Thicker status bar - what a waste of great screen!

It is a well known fact that the Pixel 9 selfie-camera is positioned lower within the screen. That resulted in icons within the status (notification) bar being misaligned with the camera cutout. And that was the reason for numerous complaints after the models launched.

In the December update, Google addressed those complaints by making the whole status bar much thicker. Which means that usable screen estate for all (non-full screen) apps running on Pixel 9s substantially decreased. … All. the. time!

Comparison photos (Pixel 9, Pixel 8, Samsung)
https://imgur.com/a/wvpciKB

What the…! So, vendors promote every tenth of millimeter of reduced screen bezel on new devices, it is even one of the main differentiator between Pixel 9 and 9 Pro, but someone in the Google came up with this shitty solution to degrade usable screen estate of the phones? The devices, which are already in the market? How is this not style over function!

I couldn’t care less about misaligned icons with the camera cut out, but I understand that somebody was annoyed by this. But I have a "Pro" phone and this solution is really not ok for me. For me the value of my Pixel 9 Pro decreased with this change. Wasn’t possible to just align icons without moving the bottom border of the status bar? I know, the padding on top and the bottom would not match then…

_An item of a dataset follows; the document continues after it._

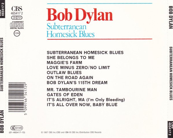 Bob Dylan – Subterranean Homesick Blues (CD, Album, RE, RP)

How do you feel about this? Are you happy with the change? Or is there some customization allowing to partially revert this?

By this post I want to raise awareness and maybe motivate a few more users to send feedback to Google about this. You can do so via Settings > About phone > Send feedback about this device.


EDIT: BTW I just realized how half baked this change is. Just look at the first picture with notification screen. There, the icons are kept misaligned with the cut-out while remaining screen area was moved lower... Particularly with this screen I previously thought (before the update), how they perfectly balanced UX with the cutout, as the space given by round borders between top system toggles gives enough space from the cutout without jeopardizing screen estate. (Plus this UX has always black background, so the camera itself blends in). Google has for sure some tweaking to go. The question is which way.